The coughing has intensified into a choking sensation and, pitifully, like an animal in a trap, she starts to flail wildly, nails drawing blood on his arms and face. She can see the shallow scratches healing over almost immediately however and knows it is ultimately futile. “Why?” She manages to gasp before losing consciousness.

He holds her there longer, until he’s absolutely sure her heart has stopped, before he considers her question. She can’t hear him now, so it doesn’t matter if he answers, but he nevertheless mutters, “So you’ll stay,” he tells her still body. “So you’ll all stay.”

Betrayal, pain, death. It’s actually very easy to make a ghost, he thinks.

*

_Yennefer embraces Ciri warmly when she arrives and kisses her forehead. Geralt always loves to see them together: the easy way the aloof Yennefer melts in front of her chosen daughter. Lambert, predictably, is sullen as he takes his place at the table, but accepts the plate of food and goblet of wine when offered.

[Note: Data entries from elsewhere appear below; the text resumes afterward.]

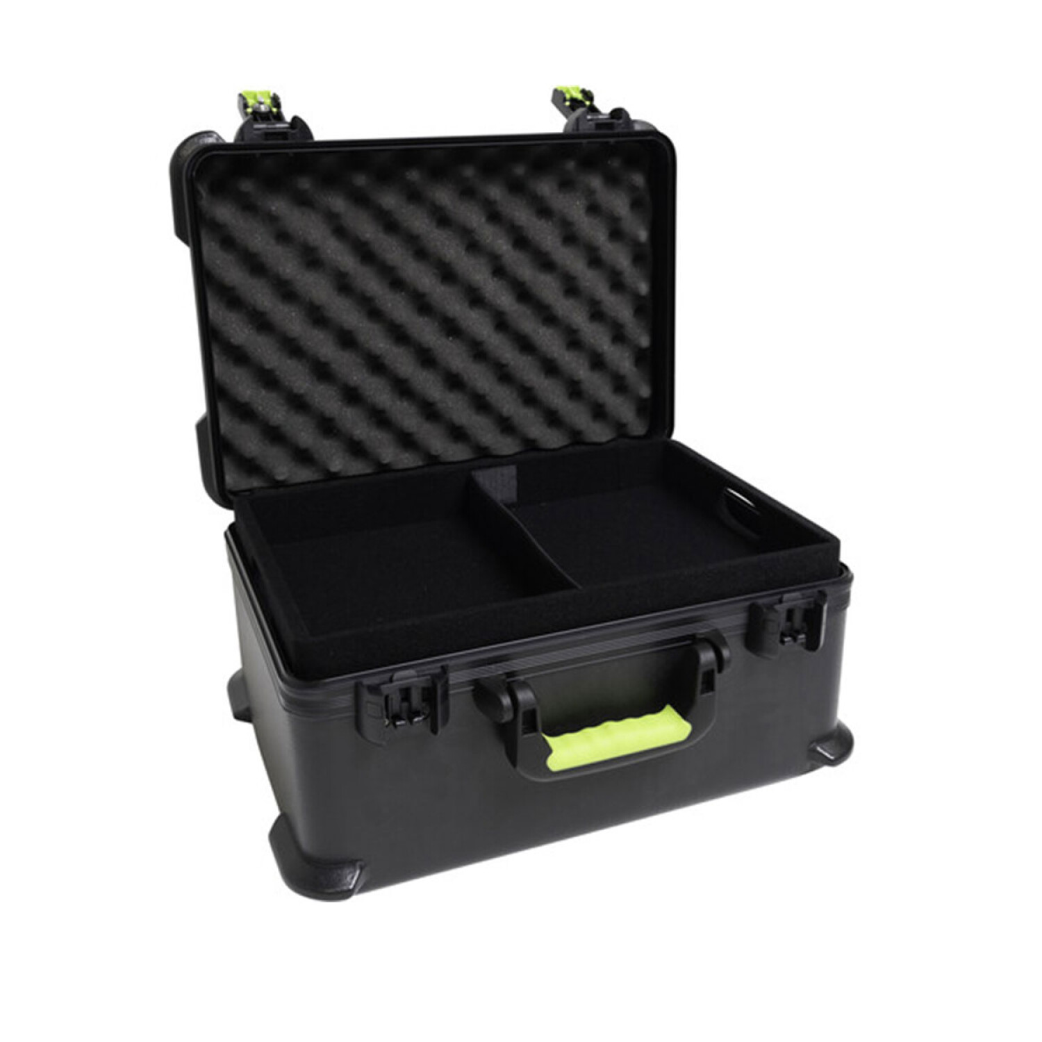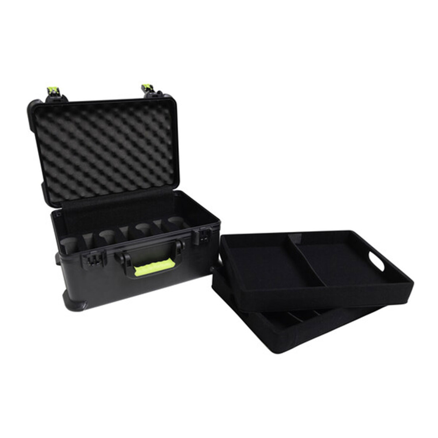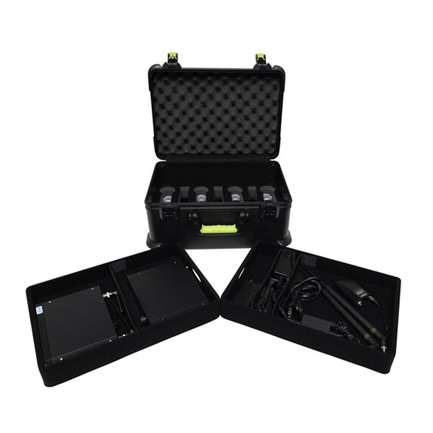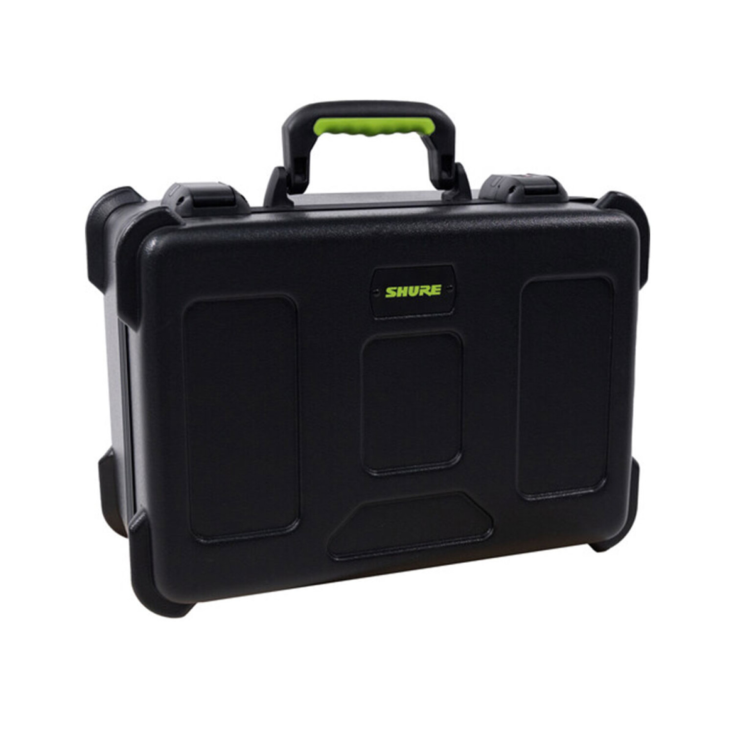 El Shure SH-MICCASEW07 es un estuche moldeado que puede contener hasta 7 micrófonos inalámbricos Shure (u otros micrófonos inalámbricos). También ofrece almacenamiento para receptores, transmisores de petaca y accesorios. El estuche está hecho de polietileno resistente y tiene pestillos de bloqueo aceptados por la TSA, lo que lo hace ideal para viajes en avión. Para proteger sus micrófonos, el SH-MICCASEW07 cuenta con bases para micrófono acolchadas con espuma. También hay 2 bandejas extraíbles con cuatro divisores ajustables. El asa ergonómica permite un transporte fácil y antideslizante.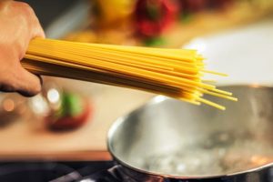 - Faire bouillir les pâtes dans de l’eau salée, ajouter à la casserole avec lapin et mélanger.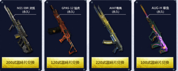 消耗相应武器碎片,可兑换下方相应道具。不可重复领取。碎片达到极限后不累加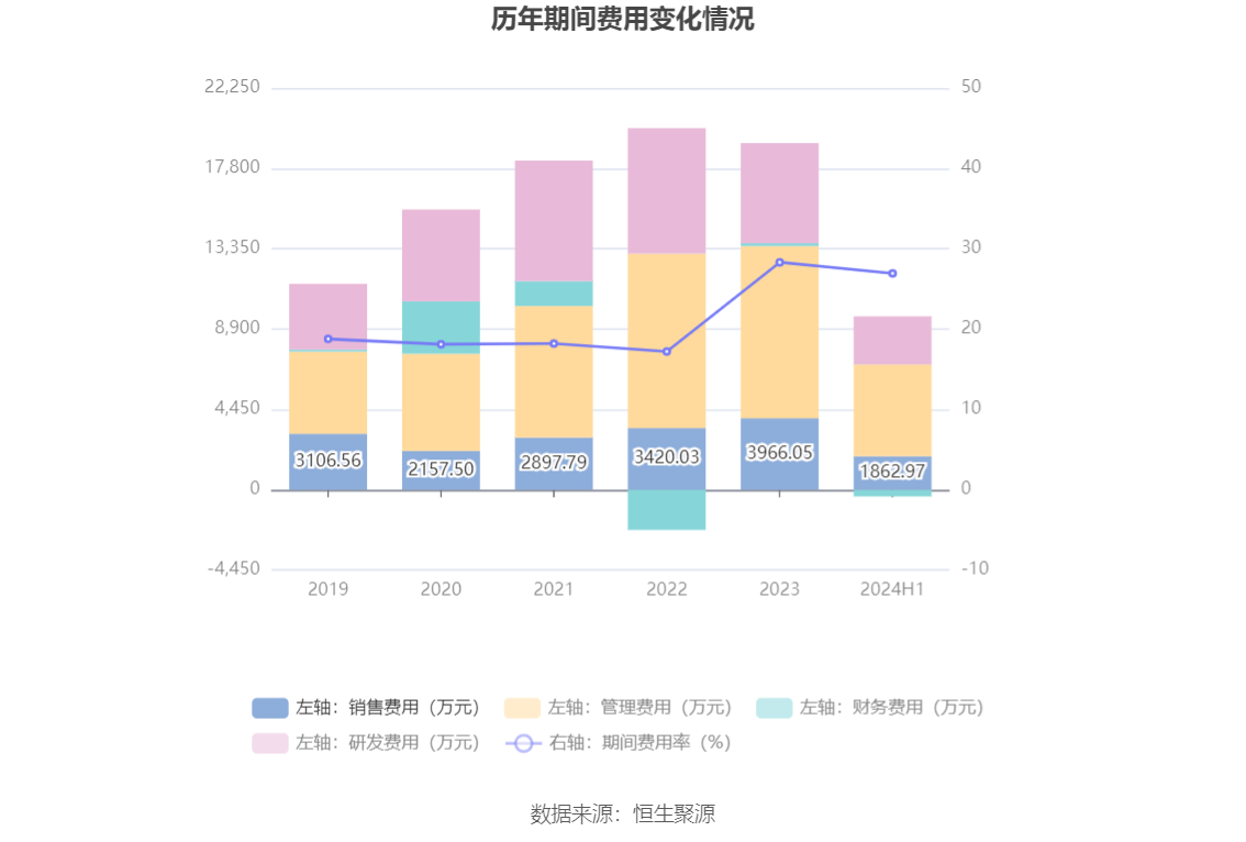 2024年上半年,公司期间费用为9242.65万元,较上年同期减少566.06万元;期间费用率为26.93%,较上年同期下降3.09个百分点。其中,销售费用同比下降14.42%,管理费用同比增长4.89%,研发费用同比下降12.98%,财务费用由去年同期的-274.09万元变为-365.62万元。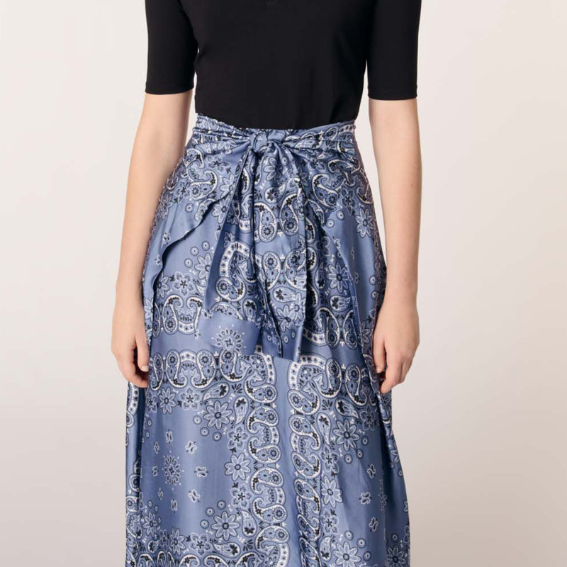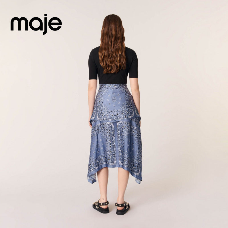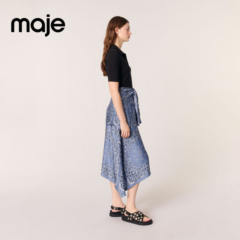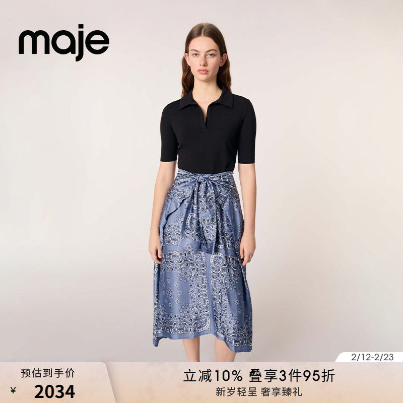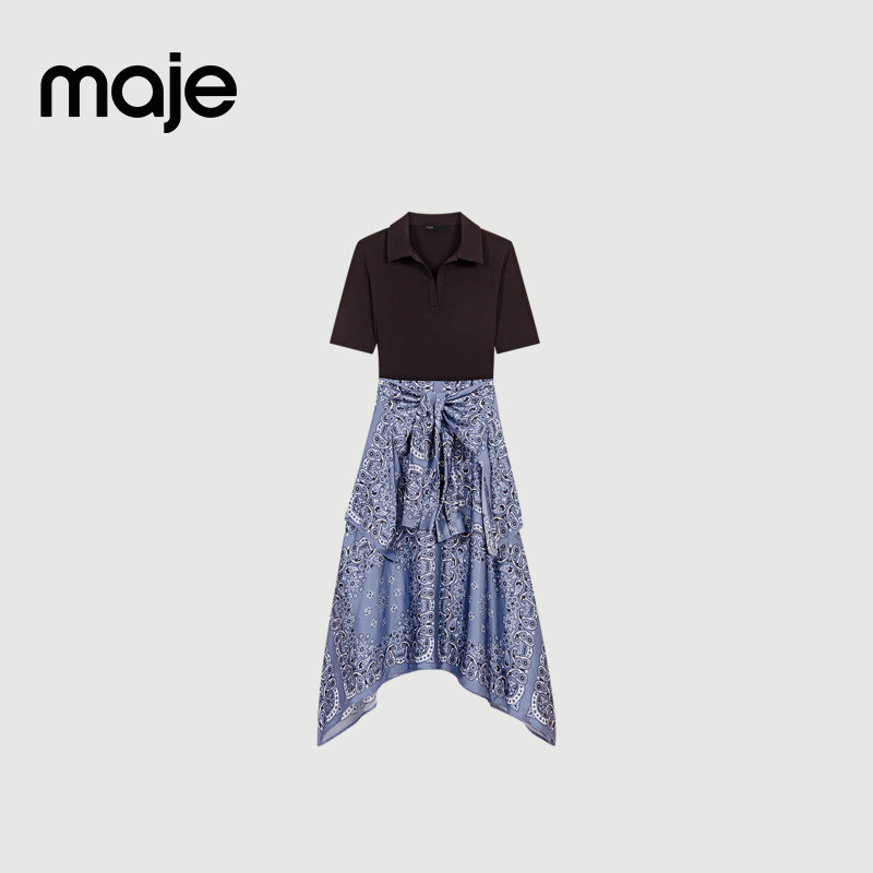 📚 Maje2025春夏女装法式时尚印花图案系带长款收腰拼接长款连衣裙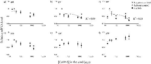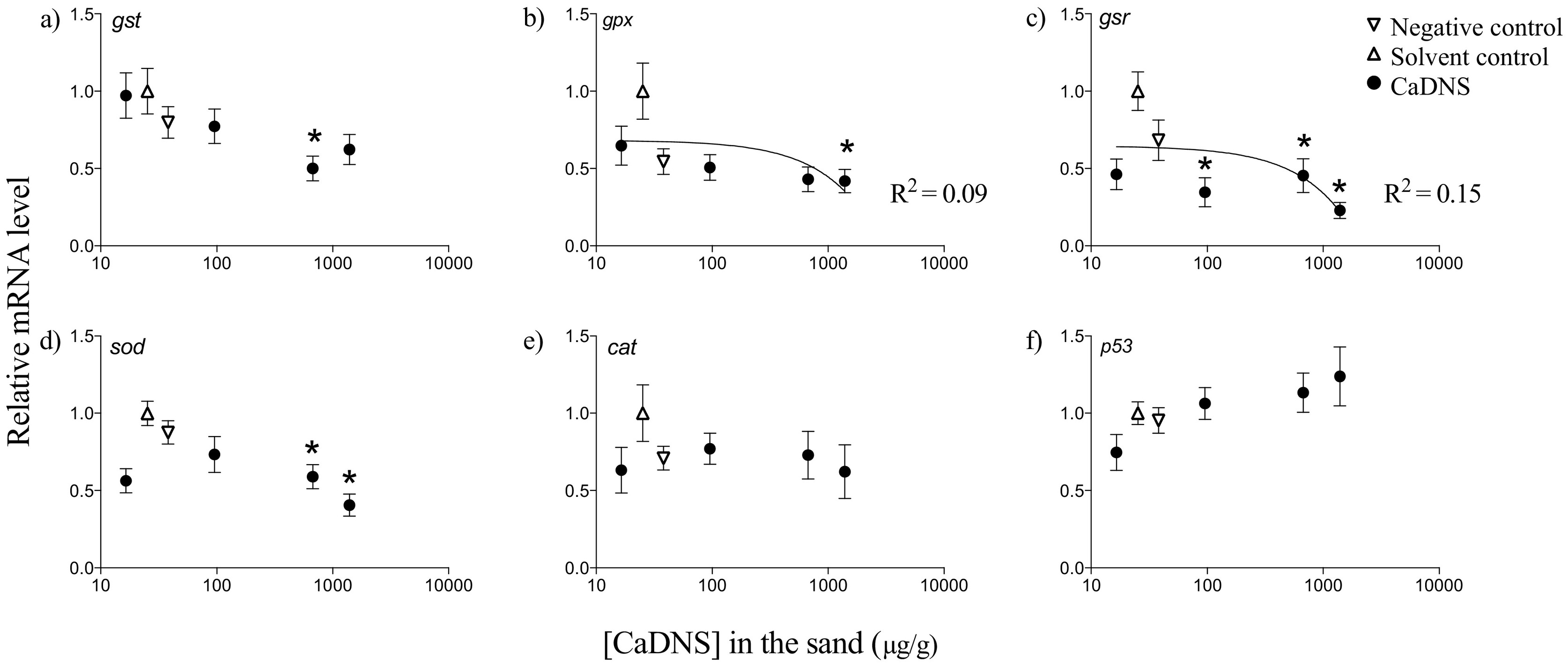Fig. 3. Relative mRNA levels in genes involved in oxidative stress defense including a) glutathione S-transferase (gst), b) glutathione peroxidase (gpx), c) glutathione reductase (gsr), d) superoxide dismutase (sod), and e) catalase (cat), and the f) tumor suppressing protein (p53) in Silurana tropicalis embryos exposed to calcium dinonylnaphthalenesulfonate (CaDNS) for 72 h. Data are presented as mean ± SEM. Data were analyzed using a one-way ANOVA (n = 10). Significance compared to the solvent control is noted with an asterisk (*, p < 0.05).

Geralt shoots his younger brother a small smile, trying to make him feel welcome, but Lambert’s eyes do not brighten and for a flash the illusion is broken: the feast is gone and he is sitting in a crumbling keep with no provisions as winter comes on. If he focuses on the spirits around him, he can see the hollow pain in their eyes and the ethereal chains binding them all to the empty table. He can see the wounds where sword and spell ripped through their flesh and bone and hear their wails. He squeezes his eyes closed and ignores his senses though. The disruption always passes. And the momentary pangs of discomfort, of something almost akin to guilt, are ultimately a small price to pay for the certainty that they will be here. With him. Forever._

*

A hundred years from now, and for ages and ages afterwards, the bards still sing the songs about witchers. They’ve changed over the years of course, exactly as Jaskier had predicted they would, but they are recognizable still. Not quite dead yet. They sing of heroics and heartbreak and destiny and duty. They also sing that Kaer Morhen is haunted, but that someone still lives there alone with his ghosts - the very last of the Wolf Witchers, his advanced mutations keeping him alive long after the world no longer has need of him. No one knows if it’s true though since no one who has ever gone to investigate the old keep has ever returned. The stories say he can’t leave Kaer Morhen, that he’s held there by something. Something eternal.